Patrick Karhan

Personal information
- Date of birth: 19 June 2003 (age 23)
- Place of birth: Wolfsburg, Germany
- Height: 1.85 m (6 ft 1 in)
- Positions: Centre-back; defensive midfielder;

Team information
- Current team: Skalica (on loan from Spartak Trnava)
- Number: 6

Youth career
- 2010–2021: Spartak Trnava

Senior career*
- Years: Team / Apps / (Gls)
- 2021–: Spartak Trnava / 26 / (0)
- 2023–2024: → Dynamo Malženice (loan) / 29 / (1)
- 2026–: → Skalica (loan) / 9 / (0)

International career
- Slovakia U17
- Slovakia U18

= Patrick Karhan =

Slovak youth international footballer

Patrick Karhan (born 19 June 2003) is a Slovak footballer who plays for Skalica, on loan from Spartak Trnava, as a centre-back or defensive midfielder.

==Club career==
===Spartak Trnava===
Karhan made his Fortuna Liga debut for Spartak Trnava in a home fixture at Štadión Antona Malatinského on 2 May 2021 in a traditional derby against Slovan Bratislava. He came on in the 86th minute to replace Martin Bukata with the score set at 3-0, following two penalty goals by Milan Ristovski and a second-half strike by Bamidele Yusuf. Less than two minutes into his debut, Karhan was involved in an in-play incident with Bulgarian international Vasil Bozhikov during an attempt to header the ball. Karhan had struck Bozhikov, who suffered an injury and had to be taken off the pitch. Subsequently, Erik Gemzický had awarded Karhan with a red card. This foul was judged as a youthful over-motivation or inexperienced misjudgment after the match by the media. The result meant that Slovan was denied the opportunity to celebrate title retention.

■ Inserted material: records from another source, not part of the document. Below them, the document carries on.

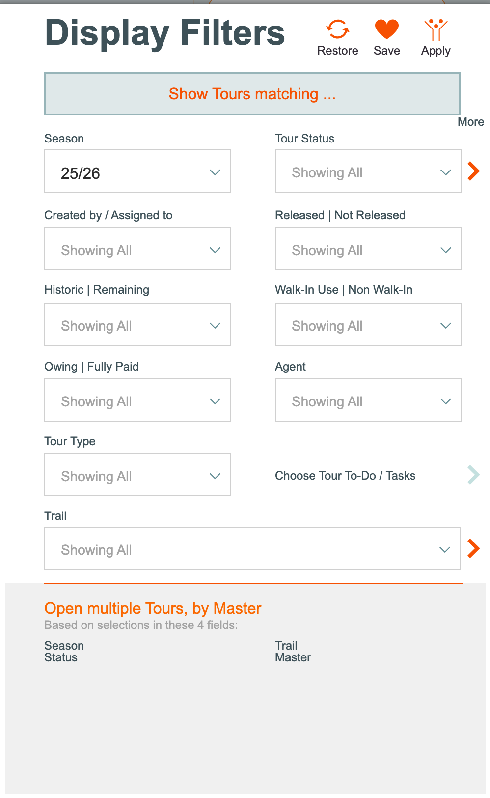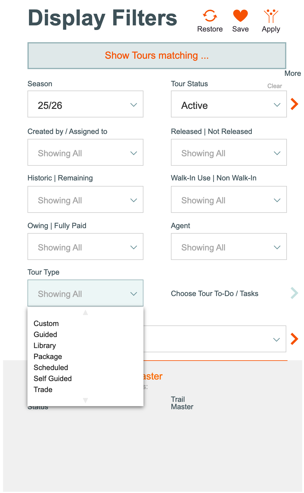 Note that the Tour status of 'Archive' does not show in this view. For more filtering options on Tour Status, click on the orange > arrow beside Tour Status. See the note and image in 2. below.
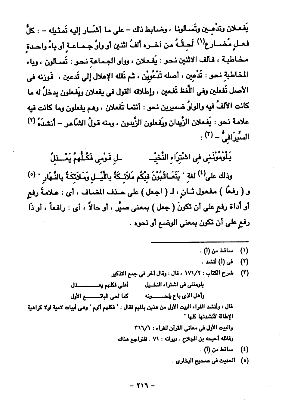 يفعلان وتدعين وتسألونا، وضابط ذلك -على ما أشار إليه تمثيله-: كل فعل مضارع لحقه من آخره ألف اثنين أو واو جماعة أو ياء واحدة مخاطبة، فألف اثنين نحو: يفعلان، وواو الجماعة نحو: تسألون، وياء المخاطبة نحو: تدعين، أصله تدعوين، ثم نقله الإعلال إلى تدعين، فوزنه في الأصل تفعلين وفي اللفظ تفعين، وإطلاقه القول في يفعلان ويفعلون يدخل له ما كانت الألف فيه والواو ضميرين نحو: أنتما تفعلان، وهم يفعلون وما كانت فيه علامة نحو: يعلان الزيدان ويفعلون الزيدون، ومنه قول الشاعر -أنشده السيرافي-:
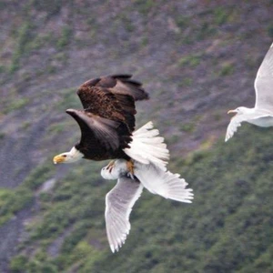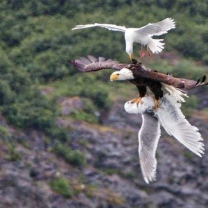وعلى الرغم من محاولته انقاذ صديقه، إلا أن طائر النورس فشل؛ فبعد قيام النسر بالتقاط فريسته والتحليق بها، حاول النورس اللحاق به ونقره في ظهره لتخليص رفيقه؛ إلا أن محاولاته باءت بالفشل.
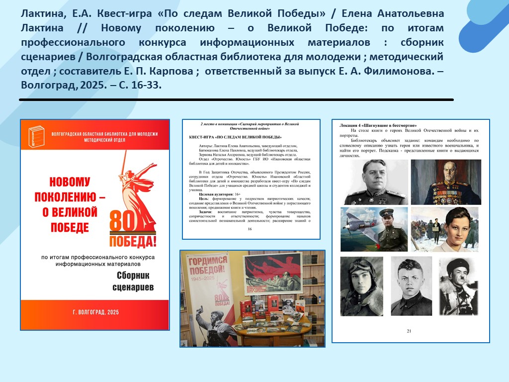 - Лактина, Е.А. Квест-игра «По следам Великой Победы» / Елена Анатольевна Лактина // Новому поколению – о Великой Победе: по итогам профессионального конкурса информационных материалов : сборник сценариев / Волгоградская областная библиотека для молодежи ; методический отдел ; составитель Е. П. Карпова ; ответственный за выпуск Е. А. Филимонова. – Волгоград, 2025. – С. 16-33. (Скачать)
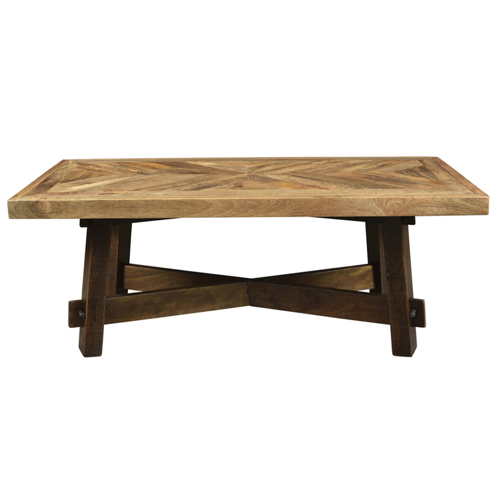 - Table top made of natural-finished mango wood tiles laid together in a geometric pattern
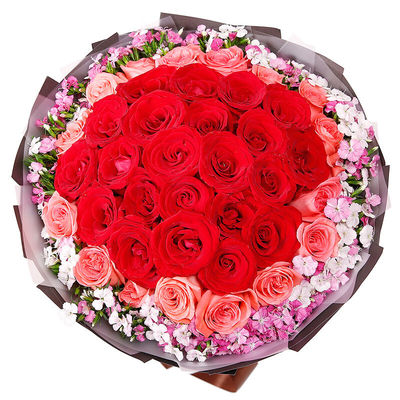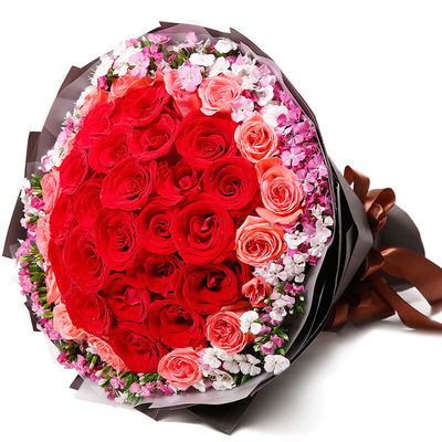 23朵红玫瑰,10朵戴安娜粉玫瑰,外围石竹梅丰满点缀
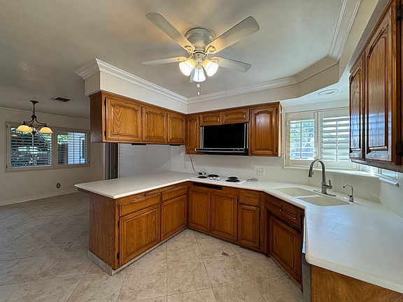 This beautifully updated Northwest home offers 3 well-sized bedrooms, 2 bathrooms, and a large den, which is fully carpeted and equipped with AC perfect for use as a 4th bedroom or additional living space. The home's thoughtful layout provides both comfort and functionality. The expansive backyard is a standout feature, featuring a large pool, covered patio, and a gas fireplace, ideal for creating a serene outdoor retreat. The space is designed for easy maintenance and provides plenty of room for both relaxation and future customization. Additional highlights include a covered carport and dedicated RV parking, offering convenience and flexibility. With its solid construction, spacious interior, and desirable outdoor amenities, this home is a must-see for those looking for both comfort and practicality. CA DRE 01993295 12 month lease required Security deposit due upon approval 14 days to move in upon approval
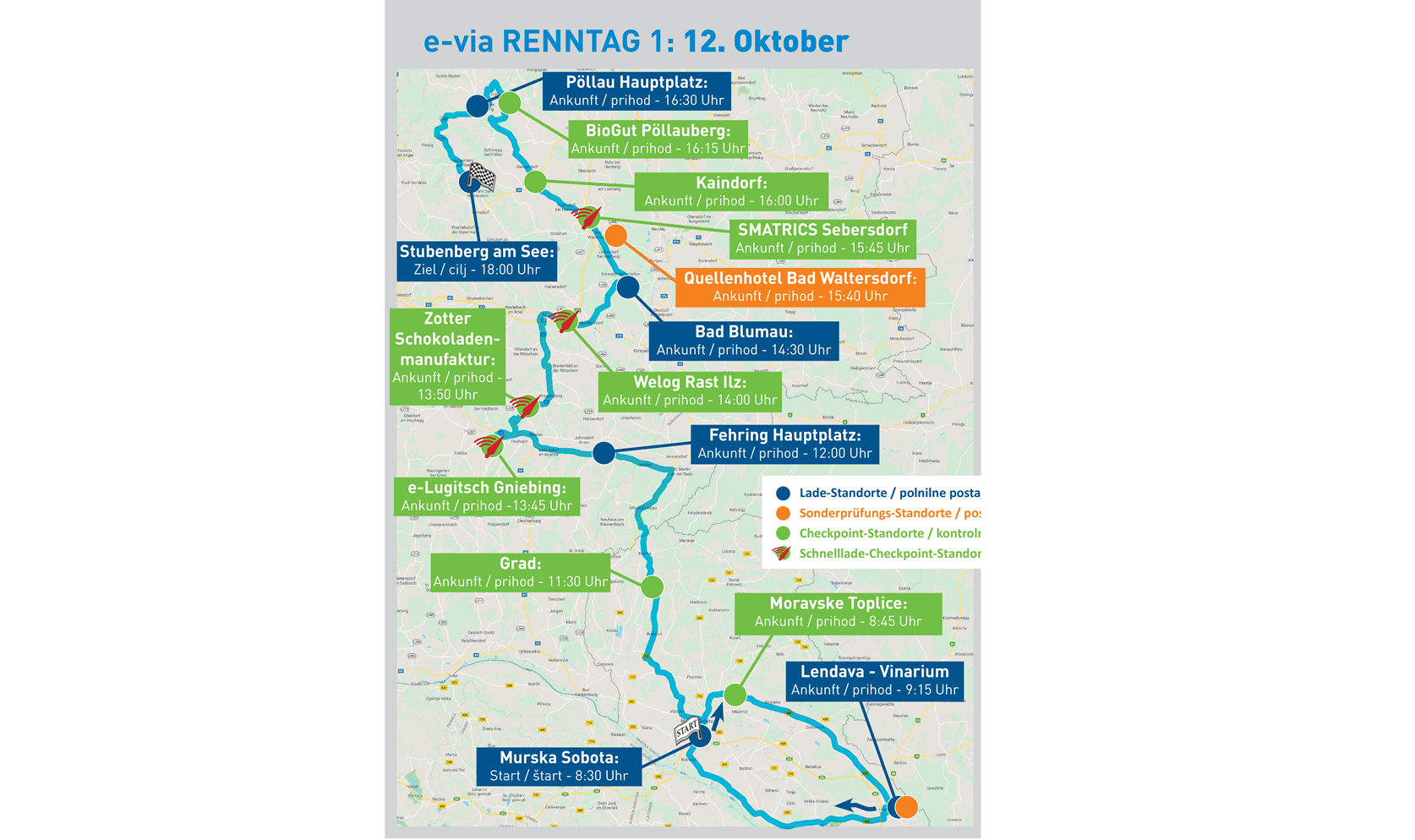 Am Freitag, den 12. Oktober 2018, war der offizielle Start des 1. Renn-Tages vor dem neuen regionalen Tourist-Informationszentrum EXPANO in Murska Sobota (SI)- die 36 e-via-E-Teams fuhren lautlos gesammelt nach Österreich, und übernachteten in Stubenberg am See (AT).
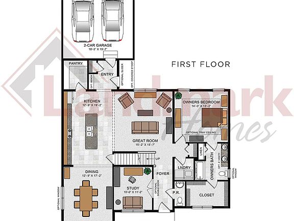 This stately 2100+ square foot home has everything.. The 2-car, alley load garage enters into a mudroom, with the option to add built in lockers or a slider to a covered stoop. A vaulted ceiling in the foyer opens into dramatic 2-story ceilings in the great room with optional fireplace. The first-floor owner's suite offers a private bathroom and expansive closet and is conveniently located near the laundry room. The open kitchen design provides plenty of counter-top space and opens into the dining room, perfect for entertaining guests. The upstairs features 2 bedrooms and a full bathroom, with the option to add a loft. (Only selected lots can accommodate this home plan. Please contact the Community Sales Manager for details.)
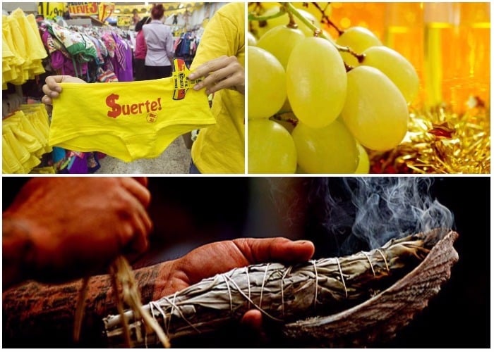 En el último día de diciembre los creyentes recurren a sahumerios, aromas, velaciones, conjuros, cucos amarillos y las doce uvas tragadas aprisa pidiendo un deseo a cada una de las campanadas. En las redes sociales aparecen varios agüeros actualizados, entre ellos uno especial para los políticos que deseen ganar las próximas elecciones: deben despedir este año dándole la vuelta a la manzana con una maleta llena de dinero.
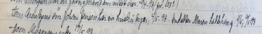 1. I Johan Ernst Brodahls notater i SAT står det: Jens Arentsen søn Johan Jensen har en hustru Inger, 4/5-93. En datter Maren hadde han g.(?) 4/5, 10/5-93 Er det noen som kan hjelpe meg å finne kildene Brodahl hadde på det? PS: Johan Jensen var Trondheimsborger og nordlandshandler på Forneset/Furuneset på Helgeland. PPS: bøkene til Brodahl ga ikke noe hint om hvor han hadde samlet disse opplysingene fra.
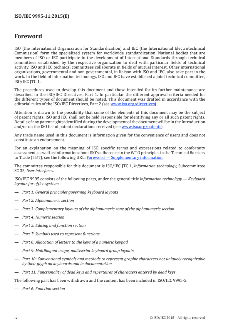 ISO/IEC 9995-11:2015 is a standard published by the International Organization for Standardization (ISO). Its full title is "Information technology - Keyboard layouts for office systems - Part 11: Functionality of dead keys and repertoires of characters entered by dead keys". This standard covers: Within the general scope described in ISO/IEC 9995‑1, ISO/IEC 9995-11:2015 defines the functionality of dead keys and repertoires of characters entered by dead keys (see Clause 5). ISO/IEC 9995-11:2015 is primarily intended for word-processing and text-processing applications.
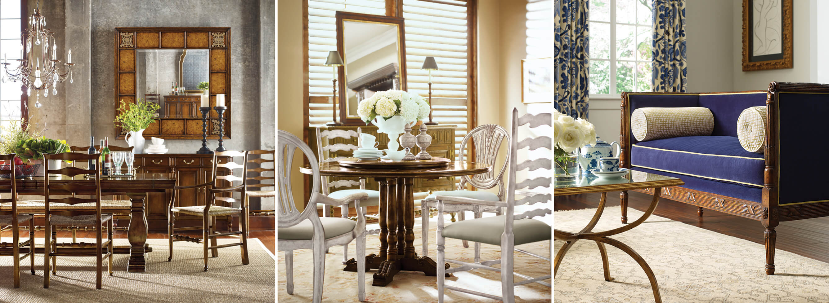 The country hunt table is a masterpiece of old world charm and modern functionality. Built by Jonathan Charles renowned furniture craftsman, the planked walnut top is composed of three hinged panels that allow for different configurations and uses. A classical hand carved medium walnut base adds ti..
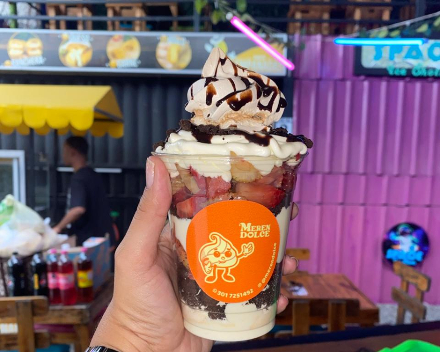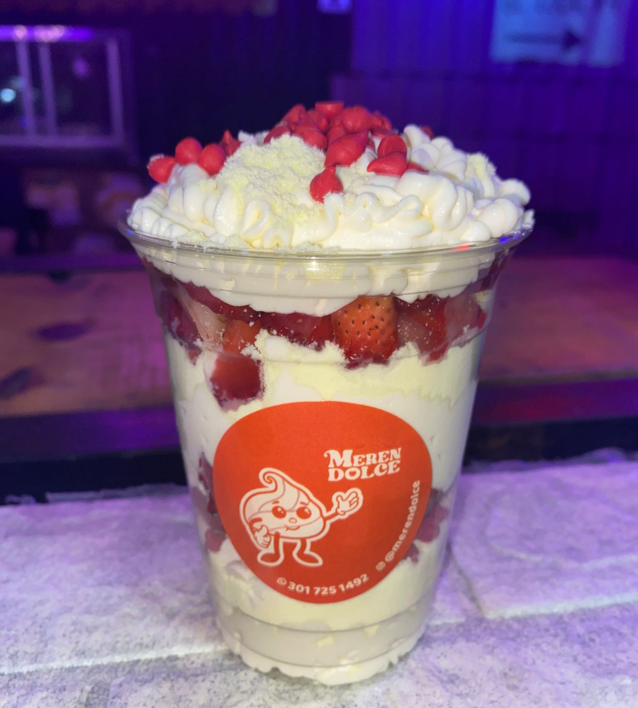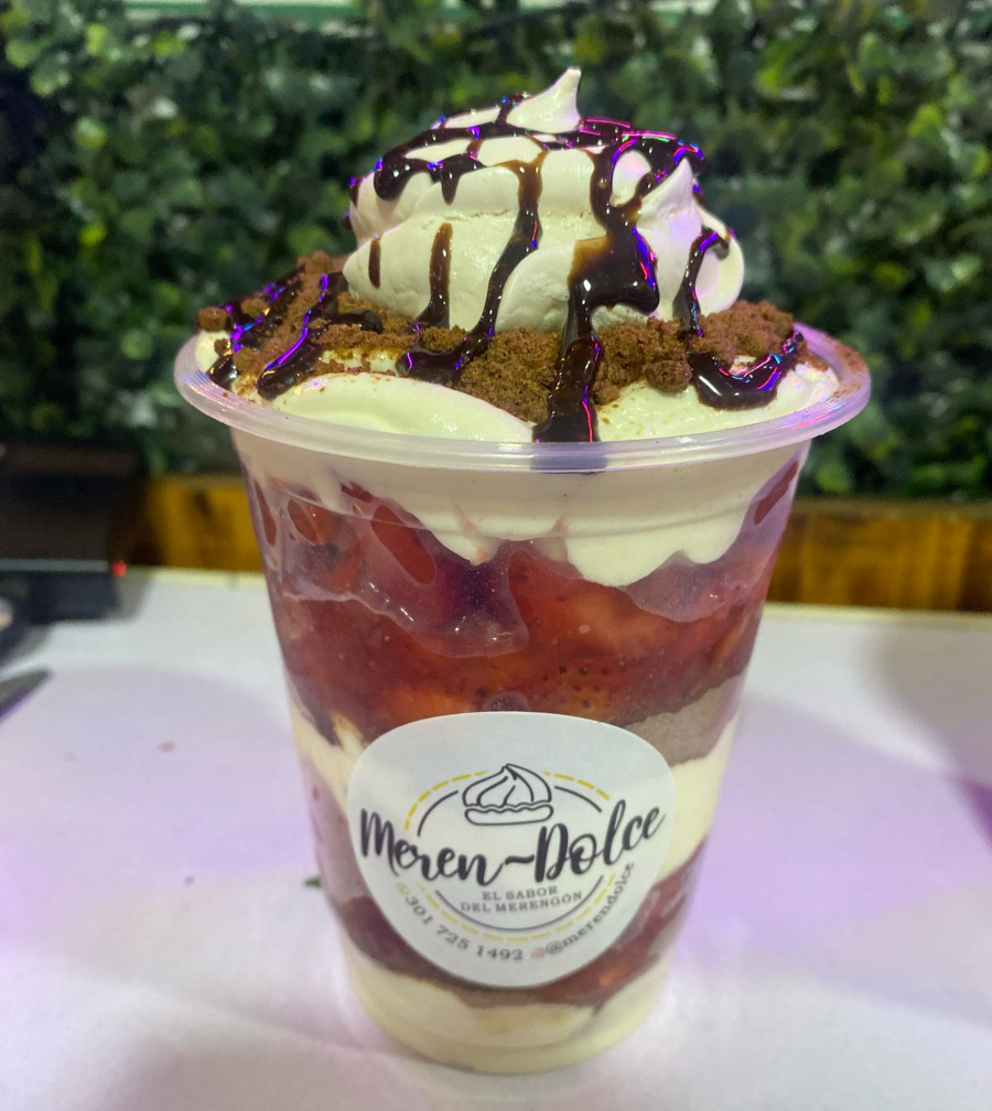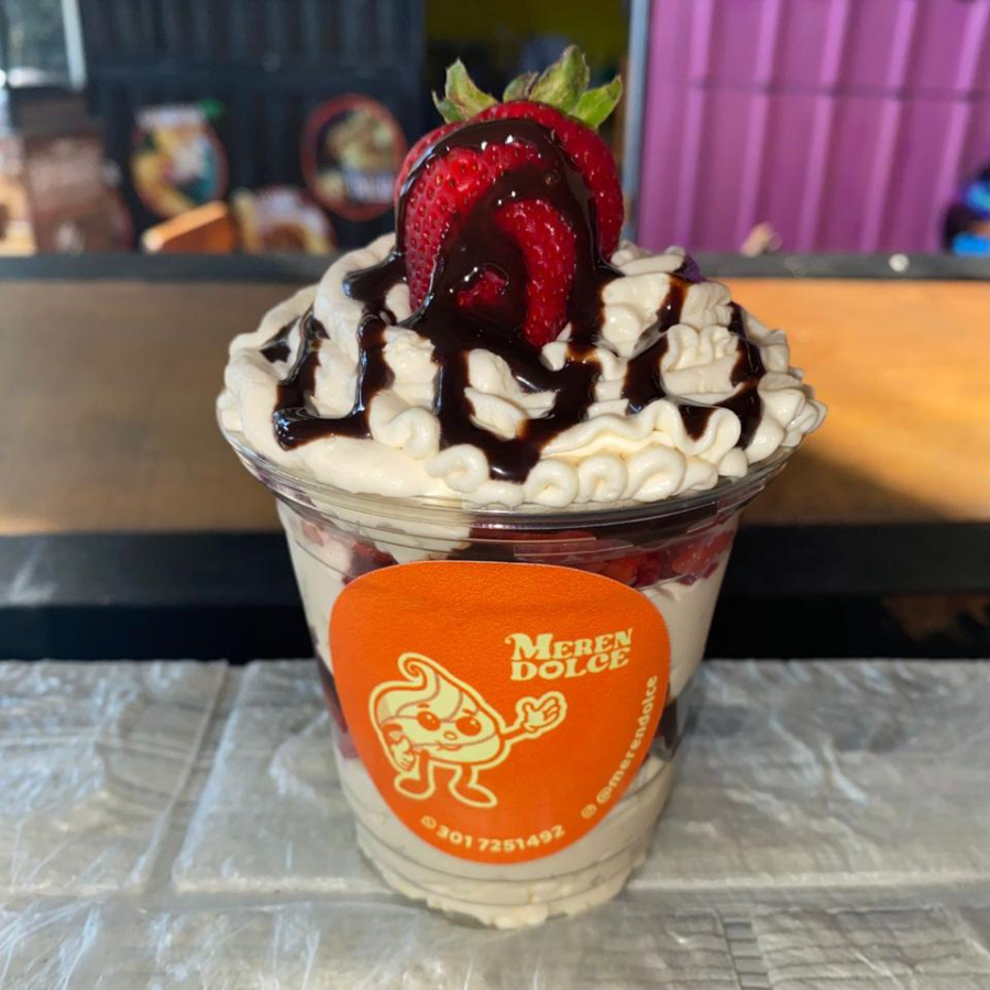Delicioso merengón acompañado de guanábana, fresa, Oreo picante, crema Meren Dolce, suspiros crocantes y salsa de chocolate y galleta Oreo.

In June 2022, Karhan signed his first professional contract with Spartak along with Marek Ujlaky, whose father Marek played over 400 matches for Spartak and collected caps for Slovakia. Both players were to succeed their fathers in their careers and serve as a motivation for other academy players of Spartak Trnava, according to club president Peter Macho.

On 31st July, 2024 Patrick Karhan scored his first goal for Spartak in a 3:0 win against FK Sarajevo in the second round of qualification in the UEFA Conference League, coming on as a substitute for Roman Procházka.

On 27 August 2025, Karhan signed a new contract valid until 2027 with Spartak.

==Personal life==
Karhan was born in Wolfsburg, Germany. Karhan is the son of Miroslav Karhan, who managed Spartak Trnava and played over 200 matches for them, featured in over 280 matches in the Bundesliga, while playing for Wolfsburg and Mainz 05 and was the first player to collect 100 caps for the Slovak national team (107 in total), holding the record for the most capped player until it was beaten by Marek Hamšík in 2018. He also has a younger brother named Alex Thomas.
He studied high school at a sports gymnasium in Trnava.